Your objective: In the listing that follows, how many lines contain the string "lower"? Provide only the number.
──────────
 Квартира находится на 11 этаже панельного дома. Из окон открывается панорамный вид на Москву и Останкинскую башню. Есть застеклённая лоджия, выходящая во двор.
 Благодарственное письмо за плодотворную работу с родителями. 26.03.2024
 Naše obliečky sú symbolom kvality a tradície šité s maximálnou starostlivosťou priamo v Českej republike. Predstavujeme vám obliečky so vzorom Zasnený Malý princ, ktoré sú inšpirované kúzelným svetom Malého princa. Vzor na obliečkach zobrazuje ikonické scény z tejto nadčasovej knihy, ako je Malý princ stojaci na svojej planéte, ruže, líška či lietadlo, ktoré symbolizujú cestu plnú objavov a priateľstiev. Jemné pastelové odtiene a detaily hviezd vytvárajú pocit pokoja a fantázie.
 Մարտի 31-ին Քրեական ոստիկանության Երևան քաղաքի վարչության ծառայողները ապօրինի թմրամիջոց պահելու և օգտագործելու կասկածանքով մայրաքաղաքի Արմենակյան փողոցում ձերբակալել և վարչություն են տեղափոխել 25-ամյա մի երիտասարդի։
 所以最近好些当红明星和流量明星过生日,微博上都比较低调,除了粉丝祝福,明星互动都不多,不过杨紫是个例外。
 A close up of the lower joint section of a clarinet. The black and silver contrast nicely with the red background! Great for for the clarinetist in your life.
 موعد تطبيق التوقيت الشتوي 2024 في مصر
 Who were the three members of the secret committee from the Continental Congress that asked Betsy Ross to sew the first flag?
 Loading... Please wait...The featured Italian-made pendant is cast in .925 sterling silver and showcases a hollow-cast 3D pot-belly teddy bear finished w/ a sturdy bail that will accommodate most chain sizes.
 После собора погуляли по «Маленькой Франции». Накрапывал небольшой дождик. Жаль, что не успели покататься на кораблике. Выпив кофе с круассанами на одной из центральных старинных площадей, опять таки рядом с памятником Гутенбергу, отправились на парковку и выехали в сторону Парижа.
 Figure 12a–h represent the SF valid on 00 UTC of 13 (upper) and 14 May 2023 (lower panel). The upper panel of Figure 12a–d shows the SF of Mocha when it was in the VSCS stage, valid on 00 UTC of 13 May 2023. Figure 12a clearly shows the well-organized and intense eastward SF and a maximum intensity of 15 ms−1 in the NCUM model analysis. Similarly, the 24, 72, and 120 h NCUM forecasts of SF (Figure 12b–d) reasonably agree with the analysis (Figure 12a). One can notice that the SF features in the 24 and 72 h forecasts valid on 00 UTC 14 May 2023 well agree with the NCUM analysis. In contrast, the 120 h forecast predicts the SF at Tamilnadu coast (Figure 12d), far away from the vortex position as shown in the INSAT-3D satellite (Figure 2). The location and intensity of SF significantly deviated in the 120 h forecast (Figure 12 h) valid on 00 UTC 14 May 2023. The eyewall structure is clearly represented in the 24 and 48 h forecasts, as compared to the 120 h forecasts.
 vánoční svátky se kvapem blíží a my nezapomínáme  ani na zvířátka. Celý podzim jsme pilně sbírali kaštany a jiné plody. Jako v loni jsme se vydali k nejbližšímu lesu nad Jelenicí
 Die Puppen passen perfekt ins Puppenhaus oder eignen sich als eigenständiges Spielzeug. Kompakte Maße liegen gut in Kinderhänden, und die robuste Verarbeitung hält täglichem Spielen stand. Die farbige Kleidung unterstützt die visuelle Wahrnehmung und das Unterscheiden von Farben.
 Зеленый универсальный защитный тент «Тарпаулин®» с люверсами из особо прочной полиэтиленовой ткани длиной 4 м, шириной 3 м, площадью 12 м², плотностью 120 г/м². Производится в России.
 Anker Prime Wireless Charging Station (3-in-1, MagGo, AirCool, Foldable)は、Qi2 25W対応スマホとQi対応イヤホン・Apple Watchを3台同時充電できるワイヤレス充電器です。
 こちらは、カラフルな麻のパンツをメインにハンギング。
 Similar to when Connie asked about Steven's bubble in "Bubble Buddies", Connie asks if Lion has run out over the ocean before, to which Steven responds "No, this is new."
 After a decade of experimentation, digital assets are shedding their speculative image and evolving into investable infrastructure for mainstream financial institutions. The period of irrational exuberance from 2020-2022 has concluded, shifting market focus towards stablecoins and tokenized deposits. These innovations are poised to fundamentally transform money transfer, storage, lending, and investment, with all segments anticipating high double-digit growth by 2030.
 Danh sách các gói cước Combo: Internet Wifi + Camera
──────────
Final answer: 2